# colors



## wowwy (Jun 8, 2012)

ok so ive been hearing alot about self colored mice but my question is what is self colored when i heared this i was and still is so confused

my other question is what color would i get i bred a blue satin rex male with a siamese doe what would i get in colors??

anything would really help thank you


----------



## Frizzle (Oct 6, 2011)

To answer your first question, "self mice" are mice that are a solid color. No white spots, not color pointed (like your siamese), or any other kind of pattern.
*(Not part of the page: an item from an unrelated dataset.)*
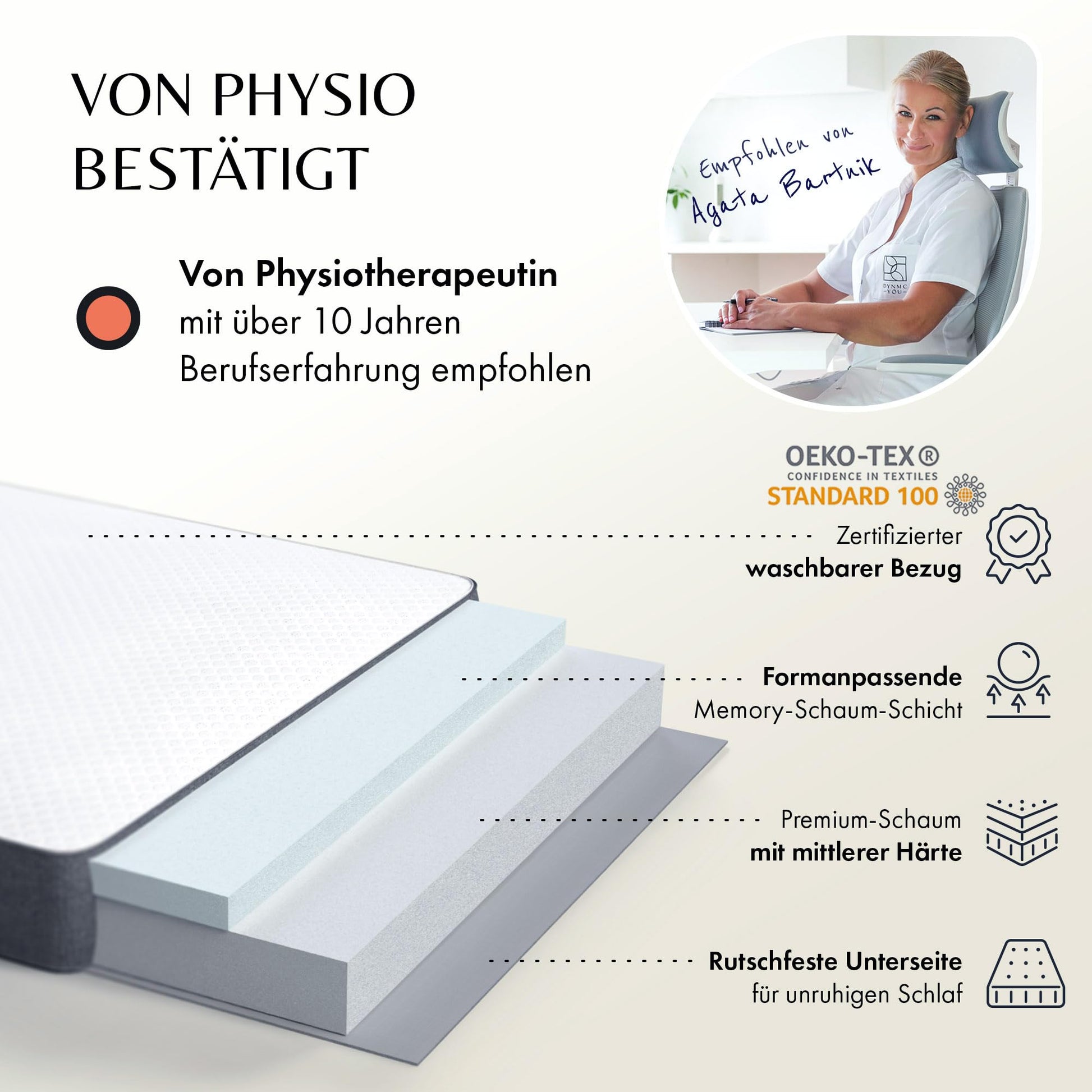 - Geprüfte Qualität & Hygiene: Gefertigt aus hautfreundlichen Materialien, die nach Oeko-TEX Standard 100 zertifiziert sind. Der robuste Bezug lässt sich dank Reissverschluss einfach abnehmen und in der Maschine waschen.

Your second question... Do you know any of what either parent carries? Are they related? I'm not an expert with color points, but since rex is dominant, 50% of that litter would also be rex. Satin is recessive, so the Siamese would need to be carrying a copy in order to get satin babies.


----------



## SarahY (Nov 6, 2008)

Do you know the parents of your mice? You get almost any other varieties in your litter but without knowing what genes your mice carry you won't know for sure and you can only expect to get blacks with smooth and/or curly hair. The most common rex/astrex genes are dominant but some aren't so there is a chance you won't get any rexes in your litter.


----------



## wowwy (Jun 8, 2012)

i know that the pet store i got the siamese mice from was from about 4 generations of pure siamese and the siamese doe also is a satin i forgot to mention that and the rex dont have very curly hair but he does have curly wiskers also how do you tell if a mouse is chinchilla cuase the pet shop i got my male from said he is either a chinchilla or rex i went with rex cause in the back of his neck his hair is very wavy and so is the rest of is hair but as wavy and his stomach is wavy to


----------



## Frizzle (Oct 6, 2011)

Do you think you could upload a picture? It's easier to ID that way instead of going off a description.


----------



## Laigaie (Mar 7, 2011)

Chinchilla is a color variety. Rex is a coat variety. They're not related or similar in appearance.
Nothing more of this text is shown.